The most logical place to start is at the building's telecom service entrance. The various types of services the building will require—voice, ISDN, DSL, CATV, satellite—should be identified early on, along with the types of media necessary for these services: copper, optical fiber or coax. Another consideration is whether one or more service providers will be involved. A demarcation point must be defined for each service provider—the point where the pathways constructed by the service provider transitions into the pathways installed by the building contractor (normally at the property line).

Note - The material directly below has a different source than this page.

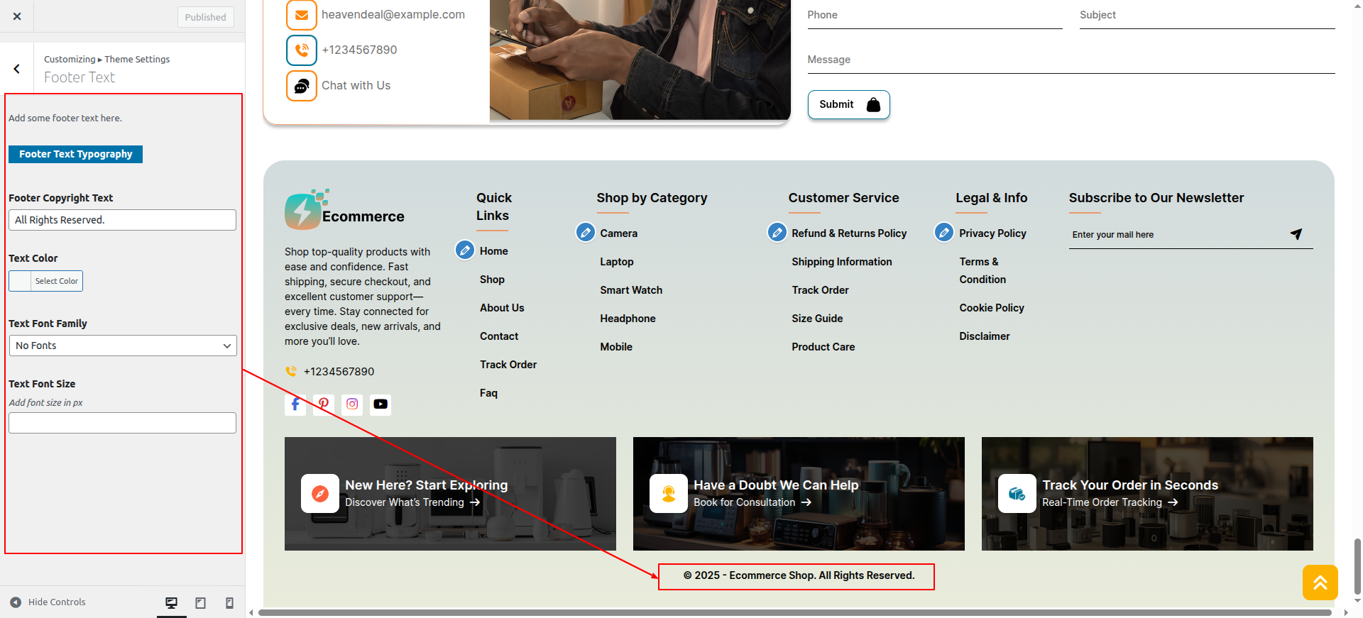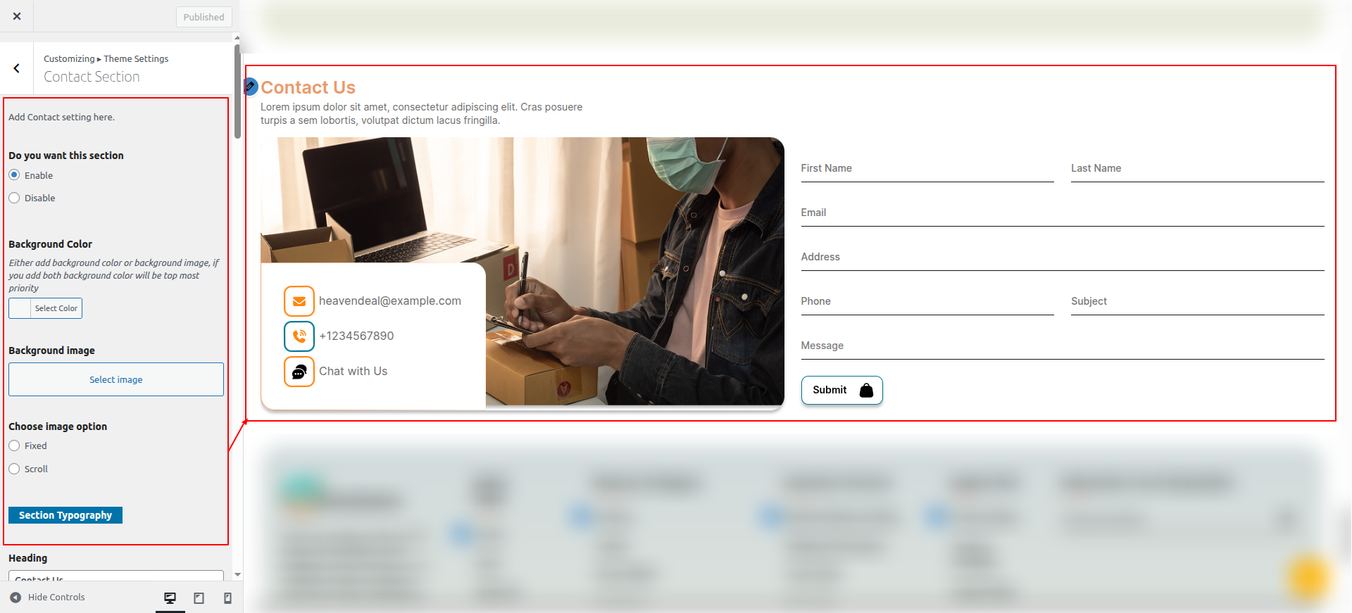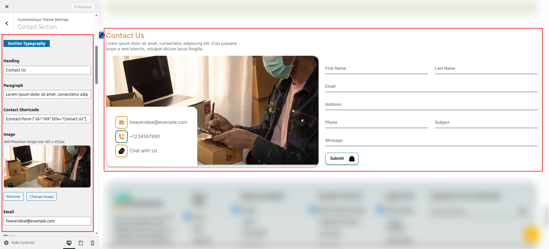 Go to Appearance >> Customize >> Theme Settings >> Contact Section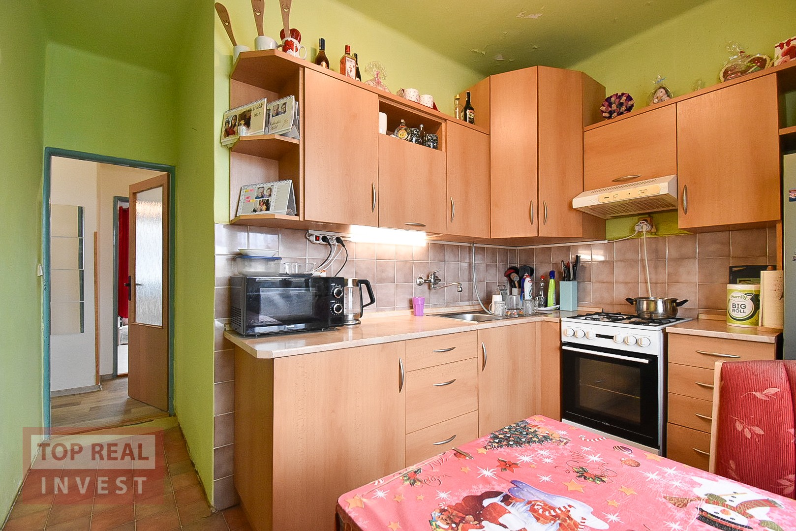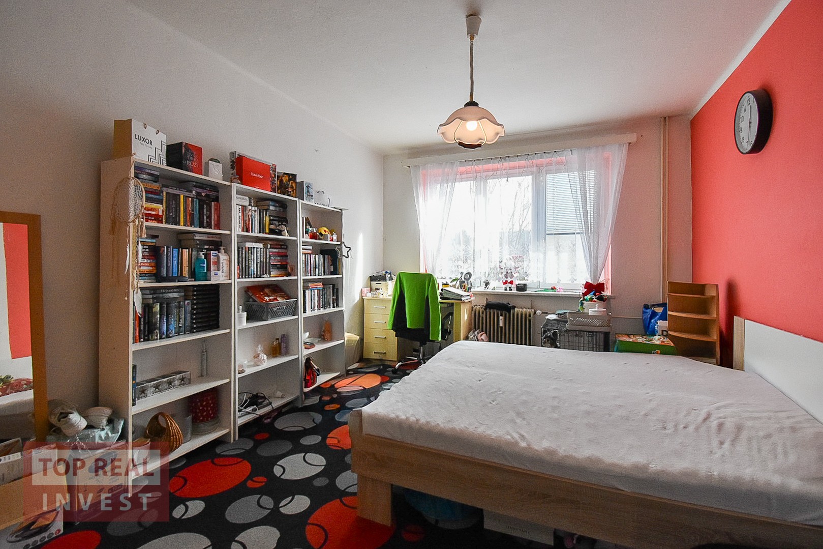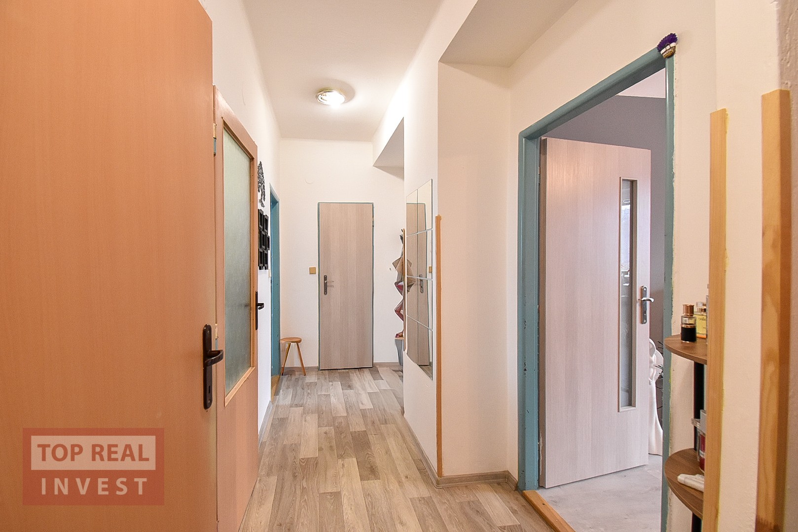 Byt je udržovaný a prakticky řešený, ideální pro někoho, kdo hledá klidné bydlení s dostatkem prostoru. Dispozice bytu je řešena dlouhou chodbou, ze které se vstupuje do všech místností – žádný pokoj není průchozí, což je velká výhoda z hlediska soukromí. Na konci chodby se nachází prostorná komora, která nabízí praktický úložný prostor přímo v bytě.

Entrance conduits should be standardized on the 4-in. trade size. The 2-in. conduits may alternately be used for smaller buildings. Multiple innerducts should be placed in 4-in. conduits that contain fiber optic cables. The number of conduits required will vary based on building size, function and number of services required. However, it is highly recommended to provide at least one, if not several, spare conduits. These conduits are used for future growth as well as maintenance and repair operations.

If the building will house multiple tenants, the terminating space for cables should not belocated within any one tenant's area. Also consider subdividing the space for tenants with unique service requirements.

The room should be safe, clean and well lit. Avoid locations through which piping and ductwork pass. Plywood backboards should be provided to mount entrance protectors, terminations, cable management and provider's equipment.

Cross connection and backbone

Typically, the entrance facility also serves as the main cross connect for the building, where the building's backbone cabling interconnects with the service provider's cabling. Therefore this location should be selected in order to distribute the backbone cables throughout the building. Many cables need to exit this space both horizontally and vertically.

Keep in mind that in a campus scenario, the equipment space may be a shared resource for several buildings on campus. If this is the case, access to the campus backbone distribution system must also be within easy reach of the equipment room. The design of medium to large equipment rooms requires a great deal of attention to issues such as fire protection, security, UPS power distribution, environmental control and other issues.

Telecommunications rooms

How many telecommunications rooms are needed on each floor of a typical building, and what size should they be? This issue has impact on the development of floor plans and must be addressed as soon as possible. Once the number and sizes of the telecommunications rooms are determined, the next logical question is how many and what size riser conduits should be provided to deliver the backbone cables to the telecommunications rooms.

Inside the telecommunications room the cables typically terminate on one side of a cross connect. The backbone cables originating in the building's main cross connect will terminate on another side. The interconnection of the work area cables, network switching equipment and backbone cabling occurs by inserting short patch cords to establish the desired links, which does not disrupt backbone service.

Standard practice is to limit cable length from the telecommunications room to the work area to 295 ft. If work areas farther away than this are required, additional rooms or a smaller enclosure should be provided to serve these areas. The telecommunications room should be placed in a central location that is reached by the backbone riser conduits. For this reason, stacked telecommunications rooms on each floor are highly recommended: Stacked telecommunicaions rooms also provide a vertical pathway with easy access to backbone cables.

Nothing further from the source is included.